Closed vicmarleon closed 8 years ago

vicmarleon commented 8 years ago

Hi all,

First thank you very much Googulator for this project. And to all contributors in the different threads. Following them, I managed to decrypt the sample pdf file, via unfactor_ecdsa, unfactor.py never returned key similarly to some cases I read. My biggest factor had 50 digits, if that matters. Anyway, I am writing this new issue because when I turned to decrypt all my files I found that I have (at least) one new and different key in some directories! (still finding out if there are others). Someone in the same situation? I'm pretty sure infection ran in a shot, but for one rebooting of the pc I made when I realized the pc was being slowed (in the new session I was faced with our "how to decrypt" explanations and then started my trip...) Also, Googulator, I was wondering that, if I use the --delete option with different keys it will not delete files that are not decrypted (thats my guess, it will prompt the not found key, right?)

Thanks again!

vicmarleon commented 8 years ago

I meant the use of teslacrack in directories with files having different keys, and teslacrack with only one found key.

Googulator commented 8 years ago

It's normal and supported if you have multiple keys. Every invocation of the TeslaCrypt executable will run with a new AES key (the Bitcoin key is per-machine, and should not change between runs). Simply put both keys in the known_keys array. The --delete option will only delete files that were successfully decrypted.

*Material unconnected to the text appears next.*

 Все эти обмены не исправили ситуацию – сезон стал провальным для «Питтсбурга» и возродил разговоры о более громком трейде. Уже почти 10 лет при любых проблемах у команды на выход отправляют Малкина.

There was a bug in unfactor.py until recently, where it would ignore the magic number set in the function definition. This should be fixed now.

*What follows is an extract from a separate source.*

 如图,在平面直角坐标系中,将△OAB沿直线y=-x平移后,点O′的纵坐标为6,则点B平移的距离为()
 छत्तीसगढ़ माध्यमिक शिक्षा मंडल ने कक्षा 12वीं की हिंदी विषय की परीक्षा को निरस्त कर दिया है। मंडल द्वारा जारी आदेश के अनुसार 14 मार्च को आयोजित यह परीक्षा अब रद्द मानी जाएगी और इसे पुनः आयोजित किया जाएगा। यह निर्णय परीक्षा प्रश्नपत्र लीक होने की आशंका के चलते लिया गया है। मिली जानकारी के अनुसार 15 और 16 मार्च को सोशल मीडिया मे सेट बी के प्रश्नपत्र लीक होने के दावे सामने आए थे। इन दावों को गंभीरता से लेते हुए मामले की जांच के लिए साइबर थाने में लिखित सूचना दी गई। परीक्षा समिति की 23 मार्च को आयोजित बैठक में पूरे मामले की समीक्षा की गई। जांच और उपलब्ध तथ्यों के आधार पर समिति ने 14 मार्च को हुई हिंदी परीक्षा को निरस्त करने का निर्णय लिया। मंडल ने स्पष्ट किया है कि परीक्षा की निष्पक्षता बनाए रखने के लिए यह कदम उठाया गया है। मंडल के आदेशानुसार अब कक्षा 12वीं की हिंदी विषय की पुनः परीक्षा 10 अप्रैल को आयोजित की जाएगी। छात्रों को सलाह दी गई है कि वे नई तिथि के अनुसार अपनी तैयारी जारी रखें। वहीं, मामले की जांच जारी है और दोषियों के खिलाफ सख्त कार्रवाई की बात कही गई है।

vicmarleon commented 8 years ago

Yes, I have just decrypted a second key file, also using unfactor_ecdsa and ran teslacrack with both succesfully ;) As you say, the BitCoin key did not change. Positively I have two keys, before and after rebooting. I have run multiple antimalware, antivirus etc and I am pretty sure it is erased (I was attacked four weeks ago and no reproductions since), but do you know any trace that may be left and recognizable as some .exe etc?

Thanks very much again for your work! You deserve some donation, only bitcoin is possible?

Googulator commented 8 years ago

I can also take Flattr. For now I'm doing this pseudonymously, so I can't publish my PayPal address.